On Golden Pond is a warm and sentimental comedy, full of acerbic wit and feisty drama in its bittersweet look at old age. Klugman, best known for his Emmy-winning role as sports writer Oscar Madison in the '70s sitcom The Odd Couple, plays opposite Patricia Fraser as Ethel Thayer.

The Thayers have been married for 40 years and are spending time together at their summerhouse at Golden Pond in Maine. She's active, picking berries and singing old camp songs. He can't remember his way to the Old Town Road, a route they've walked together many times. His thoughts turn to death, a topic his wife stubbornly avoids.

"The play is so identifiable," Klugman said. "It's really about life, mortality and appreciating what you have instead of dwelling on what you don't have. We get a lot of laughs. It's a funny play. It just delights the hell out of me."

The Thayers' grown daughter, Chelsea, returns, hoping to patch up her strained relationship with her father, whom she thought never could accept her failure to become a champion diver. She brings along her new boyfriend, Bill Ray, a handsome dentist, and his precocious teenage son, Billy Ray.
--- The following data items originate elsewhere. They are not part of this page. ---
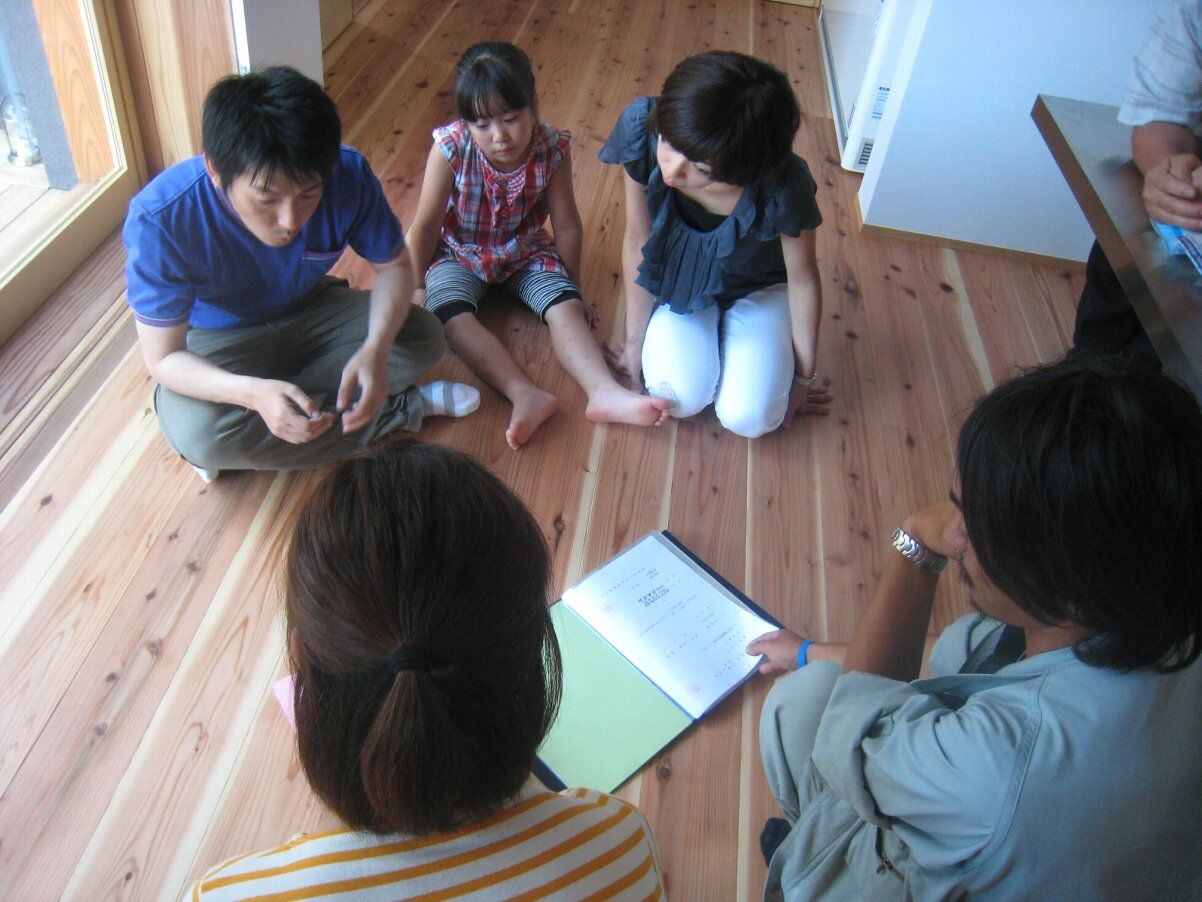 下では川口大工がサンドペーパーで手摺りの部材を磨いています。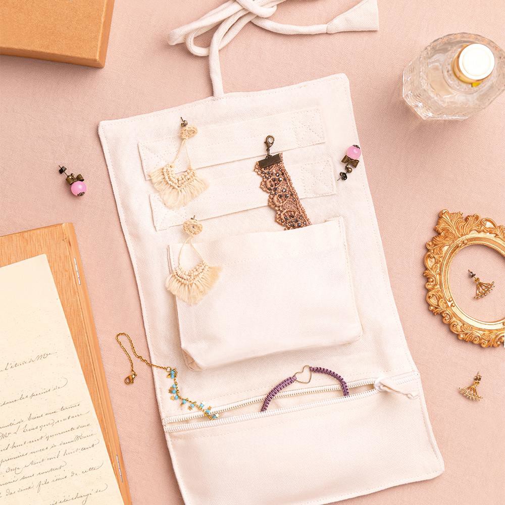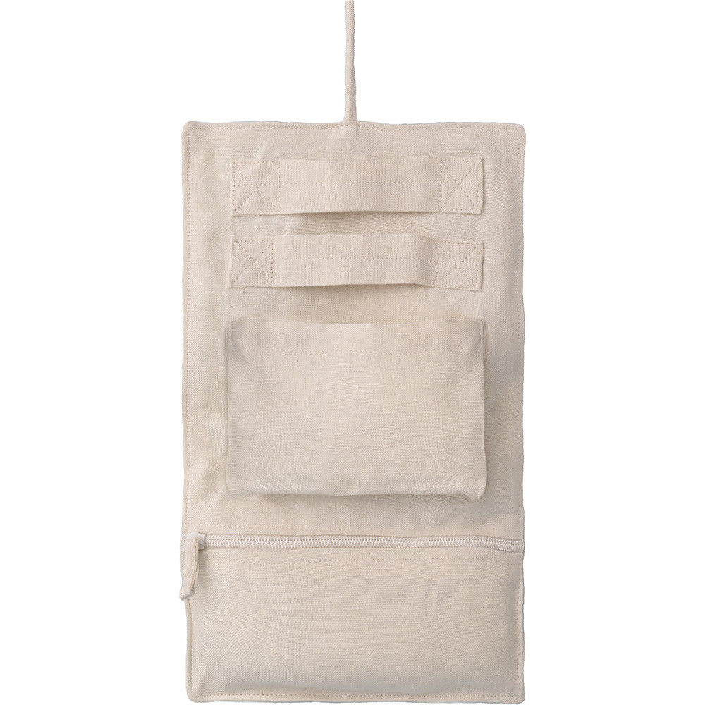 Bijoutier en coton 200 gr/m² avec deux sangles, une poche et une autre avec une fermeture éclair.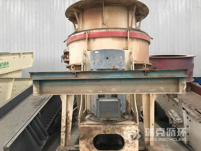 該臺PLS-1200Ⅱ立式沖擊破碎機出廠于2014年,是我集團公司洛陽大華生產的,銷往湖南某地之后一直從事鵝卵石制砂工作,由于受到當地沿河兩岸濕地保護的影響,該企業將設備拆除轉讓。我公司技術人員趕往湖南現場對該設備進行檢查之后,主要部件基本上保存的比較完好,設備運回公司清洗之后,用測量工具檢查各個部位和部件的尺寸,依據測量結果制定檢修維護方案,完成檢修之后質檢人員對該設備檢查之后,在我國公司試機平臺上進行了數個小時的試機,各項性能符合出廠要求之后,在成品區等待噴漆銷售。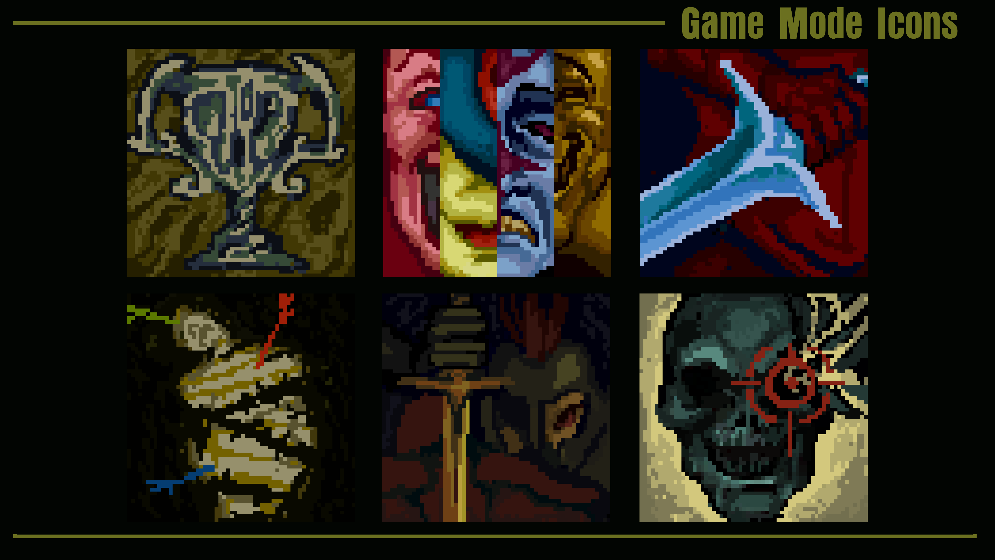 The illustrations corresponding to different selectable game modes, such as the "Training" and "Battle" modes.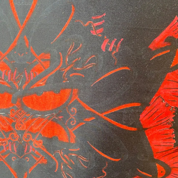 Contains polyester and elastane. Comes with feather padding. Fabric with back and front pattern.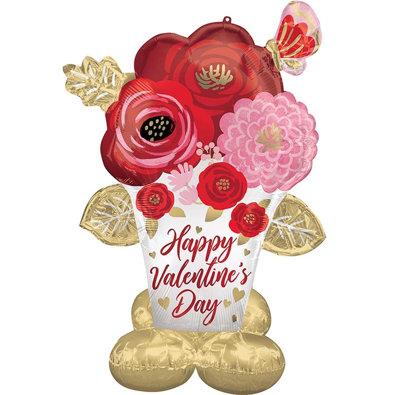 Item Includes:Balloon.Straw.Elastic strap.Features:Flower bouquet-shaped foil balloon.'Happy Valentine's Day' printed message.Self-sealing.Sizing:99cm x 1.3m / 39in x 53in.Material:100% Foil.Please note: Air fill only. Balloons do not come inflated.Blossom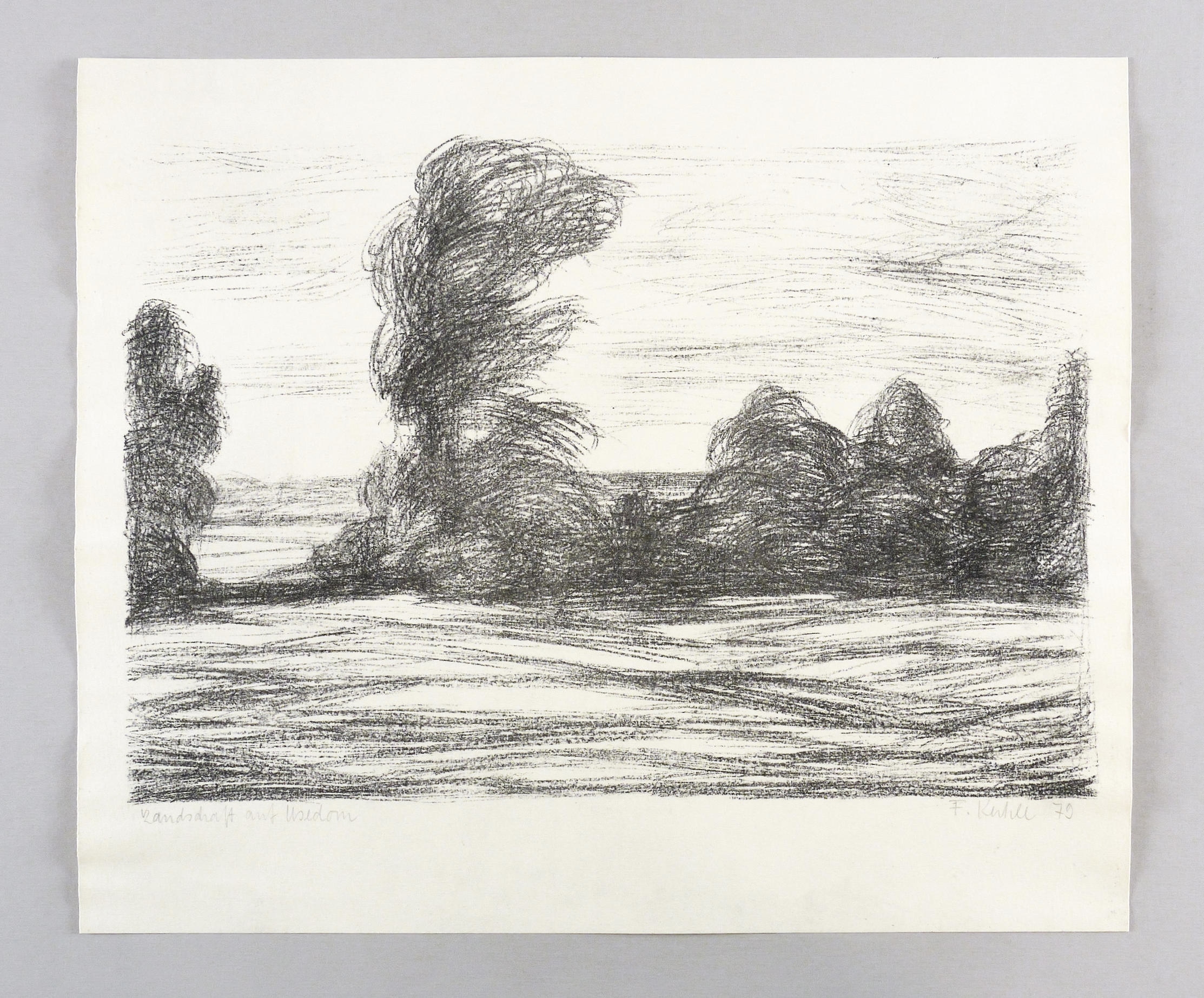 Rechts unten in Bleistift signiert und datiert: ″F. Kuhle 79″. Links Titel: ″Landschaft auf Usedom″. – Sehr gut erhalten.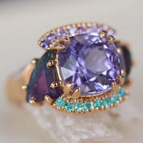 18KT Pink Gold, Cuprian (Purple) Tourmaline, Purple Sapphires, Paraibas, Paraiba Crystal accents.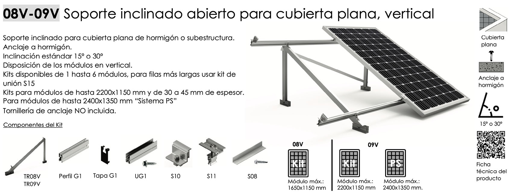 La estructura 08V tiene una capacidad de 1 a 6 módulos fotovoltaicos dispuestos en vertical, y está diseñada para ser instalada sobre cubiertas de hormigón o suelo mediante contrapesos o zapatas. Además de una fácil instalación la estructura 08V es modular, es decir, puede ampliarse en cualquier momento dependiendo de las necesidades.
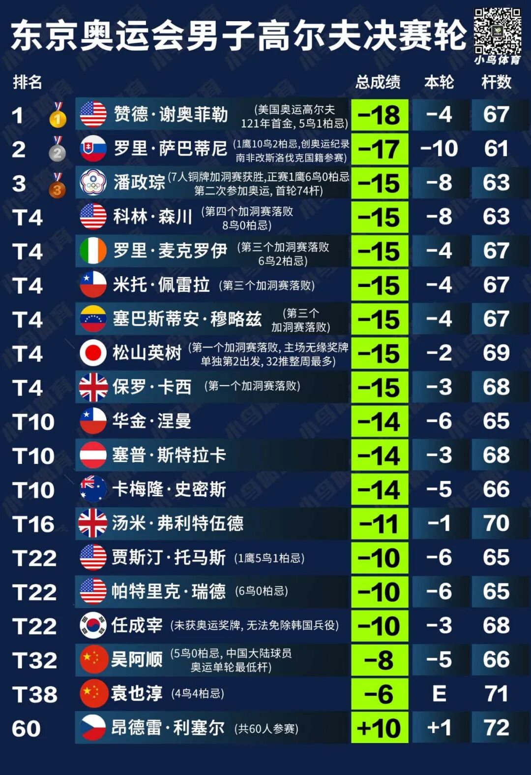 值得一提的是,本届奥运会最后43洞,吴阿顺只吞下1记柏忌,抓下了12只小鸟!尤其是决赛日,他打出了5鸟0柏忌的66杆,不仅超越了他自己与冯珊珊共同保持的中国大陆球员奥运单轮最低杆数纪录 (67) ,还交出了中国大陆选手在奥运历史上第一张bogey-free的“完美记分卡”!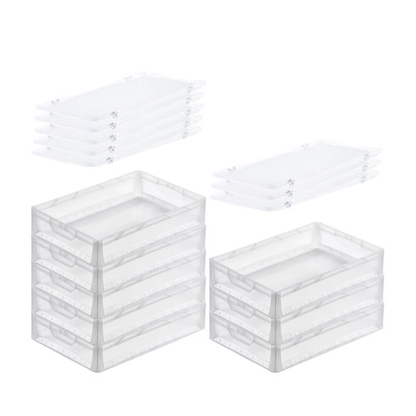 PROREGAL SuperSparSet 8x Transparenter Eurobehälter LightLine mit Offenem Griff und Auflagedeckel HxBxT 12 x 40 x 60 cm 24 Liter Eurobox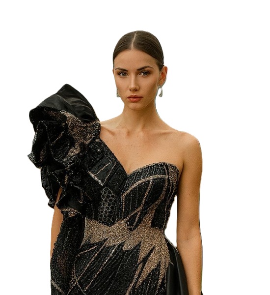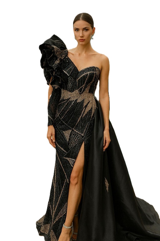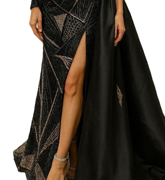 The pearl-beaded tulle over a soft lining adds a touch of luxury, while the wrap leg slit ensures graceful movement.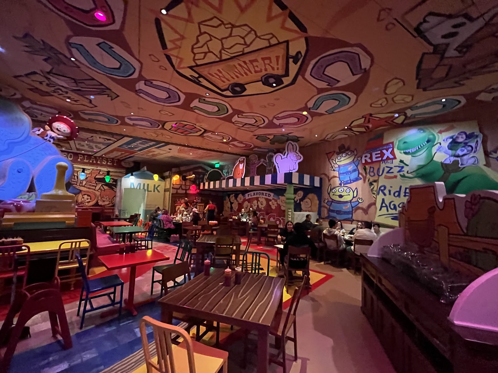L’ambiance du Roundup Rodeo BBQ est conçue pour vous plonger directement dans l’univers de Toy Story. Le restaurant est décoré comme une grande aire de jeu imaginée par Andy, avec des jouets géants et des figurines de personnages emblématiques.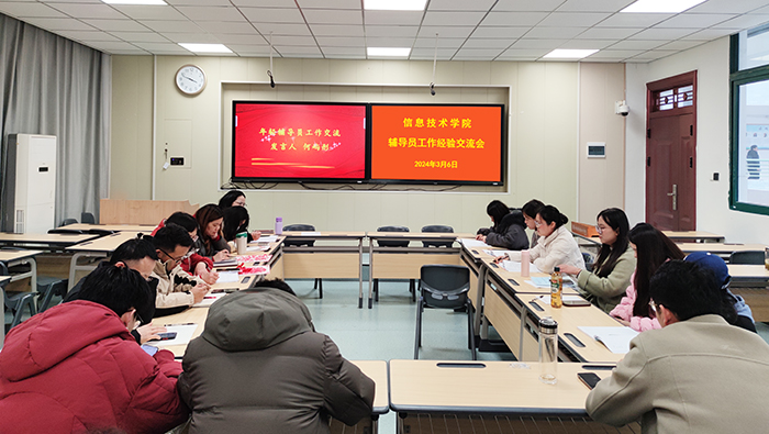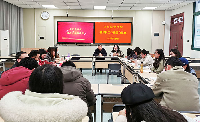为加强学工队伍建设,促进辅导员业务能力提升,3月6日下午,信息技术学院在2号教学楼303教室举办辅导员工作经验交流分享会。该院党总支副书记陈富汉主持交流会,学生管理科、团总支工作人员及全体辅导员参加会议。
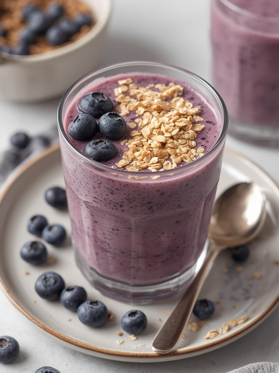 4. Serve and Enjoy: Pour your Blueberry Oatmeal Breakfast Smoothie into a glass or smoothie cup, and enjoy it immediately! Optionally, you can top it with some extra blueberries or a sprinkle of oats for added texture.

To everyone's surprise, particularly their own, Norman and Billy Ray establish a bond of affection and understanding that Norman never enjoyed with his daughter.

"I like to be alone at my place there at night and this kid comes unexpectedly to see me," said Klugman. "My relationship with my daughter is not very good, so I don't like this kid right away. But we begin to be very open and very honest. He lets me know his feelings and we develop a wonderful relationship."

There's hope for Norman and Chelsea, too. They talk and grow to know one another better. Reconciliation seems not so far away.

Of all the characters, Norman poses the biggest challenge -- both to the other figures in the play and to the actor who portrays him.

"He likes solitude. He's afraid of people," said Klugman. "He likes to be alone and the other characters are a challenge to him. Actually, he overcomes that, too. He's a crusty old guy who is really soft underneath. That's the way I see him."

Klugman has spent a lifetime looking into the inner strengths and weaknesses of his characters. After finishing On Golden Pond, he plans to turn the focus inward for a one-man show about his 60-year career. The show is slated for September in Los Angeles.